Os convertisteis de los ídolos a Dios, para servir al Dios vivo y verdadero.
Toda nuestra vida, desde el momento de la conversión hasta el final de nuestra carrera terrenal, debiera estar caracterizada por un espíritu de servicio, diligente e inteligente. Este es nuestro gran privilegio, por no decir nuestra santa obligación. No importa cuál sea nuestra esfera de acción, línea de vida o profesión; desde que nos hemos convertido, tenemos que hacer una cosa: servir a Dios.
Jamás debemos perder de vista que hemos sido convertidos para servir a Dios. El resultado de la vida que poseemos debe tomar siempre la forma de servicio al Dios vivo y verdadero. En nuestra vida como inconversos, dábamos culto a los ídolos y servíamos a diversos placeres y malos deseos; ahora, por el contrario, adoramos a Dios en espíritu (véase Jn. 4:24), y somos llamados a servirlo con todas nuestras facultades.

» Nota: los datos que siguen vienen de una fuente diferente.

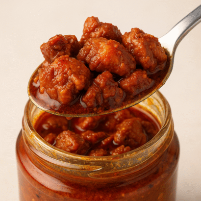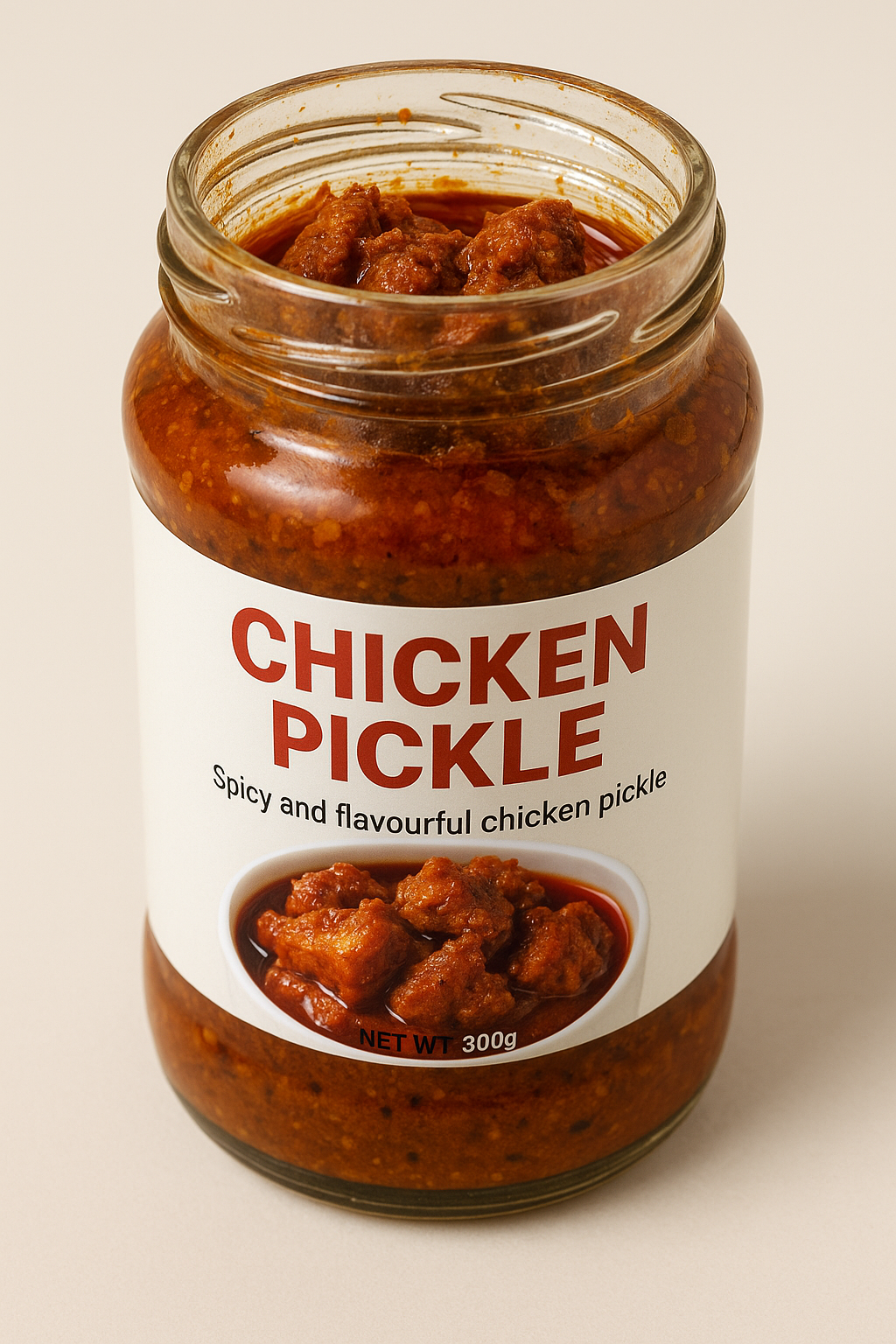 Authentic Indian-style Chicken Pickle made with tender chicken chunks, hand-roasted spices, and pure edible oil — a spicy, tangy delicacy loved across India.

Todo lo que en este mundo no pueda hacerse como para Cristo, no debería hacerse. Esto simplifica considerablemente la cuestión. Es nuestro privilegio hacerlo todo en el nombre del Señor Jesús y para la gloria de Dios. A veces oímos hablar de un oficio «secular», en contraste con lo que es «sagrado». Ponemos en duda la exactitud de tal distinción. Pablo hacía tiendas (véase Hch. 18:3) y plantaba iglesias (véase 1 Co. 3:6); pero en ambas cosas servía al Señor Jesucristo. Todo lo que un cristiano hace debe ser sagrado, porque se hace como servicio a Dios. Tener esto en cuenta nos permitirá conectar los deberes más simples de la vida diaria con el Señor mismo, e introducirlo a él en ellas. De este modo, en lugar de considerar las obligaciones de nuestro oficio como un obstáculo para nuestra comunión con Dios, las convertiríamos en una ocasión para acudir a él en busca de sabiduría y gracia, para desempeñarlas correctamente, a fin de que su santo nombre sea glorificado en los detalles más minuciosos de la vida diaria.